Synchrotron-Assisted HPHT Annealing Of Quantum Nanodiamonds: In Situ Control Of Phase Stability

Group-IV color centers in nanodiamond, such as silicon-vacancy (SiV) defects, are promising quantum emitters for sensing and photonics due to their bright and narrow zero-phonon line (ZPL) emission, representing up to 80% of their total luminescence [1–3]. However, in as-grown CVD nanodiamonds, residual lattice strain induces significant spectral broadening, preventing access to the fine electronic structure of SiV centers even at cryogenic temperatures. To mitigate this effect, we carried out a controlled high-pressure and high-temperature (HPHT) annealing process using the Paris–Edinburgh press, performed in situ at the PSICHE beamline of Synchrotron SOLEIL [4]. The synchrotron X-ray diffraction and tomography measurements were crucial for the precise calibration of pressure and temperature conditions within the assembly, enabling us to finely tune the HPHT parameters to promote strain relaxation while avoiding the onset of graphitization.
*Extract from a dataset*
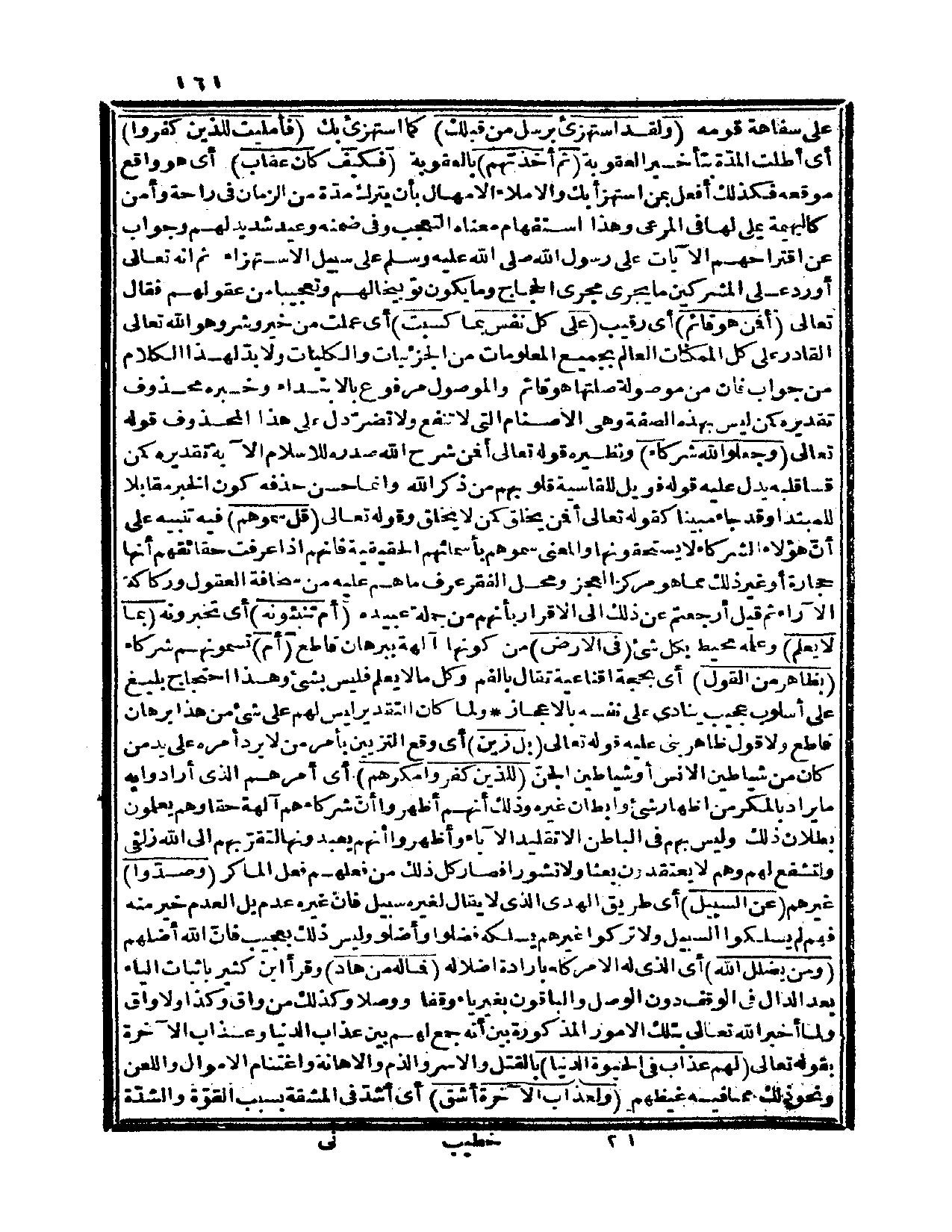 {ولقد استهزئ برسل من قبلك} كما استهزئ بك {فأمليت للذين كفروا، أي: أطلت المدّة بتأخير العقوبة ثم أخذتهم} بالعقوبة {فكيف كان عقاب} ، أي: هو واقع موقعه، فكذلك أفعل بمن استهزأ بك، والإملاء الإمهال بأن يترك مدّة من الزمان في راحة وأمن كالبهيمة يملي لها في المرعى، وهذا استفهام معناه التعجب، وفي ضمنه وعيد شديد لهم، وجواب عن اقتراحهم الآيات على رسول الله صلى الله عليه وسلم على سبيل الاستهزاء، ثم إنه تعالى أورد على المشركين ما يجري مجرى الحجاج، وما يكون توبيخاً لهم وتعجيباً من عقولهم فقال تعالى:

These in situ synchrotron investigations provided real-time insight into nanodiamond phase stability and strain-release mechanisms, which were confirmed ex situ by optical measurements, leading to the first observation of resolved fine-structure transitions in SiV centers after HPHT treatment. Importantly, the calibrated HPHT setup can now be reliably operated off-beam, enabling systematic post-annealing studies on different types of nanodiamonds and color centers. This methodology establishes a robust experimental reference for future off-beam HPHT annealing treatments and serves as a benchmark for the broader quantum diamond research community. REFERENCES 1. T. Muller et al., Nat. Commun. 5, 3328 (2014). 2. M. De Feudis et al., Adv. Mater. Interfaces 7, 1901408 (2019). 3. B. Vindolet et al., Phys. Rev. B 106, 214109 (2022). 4. L. Henry et al., J. Synchrotron Rad. 29, 853-861 (2022).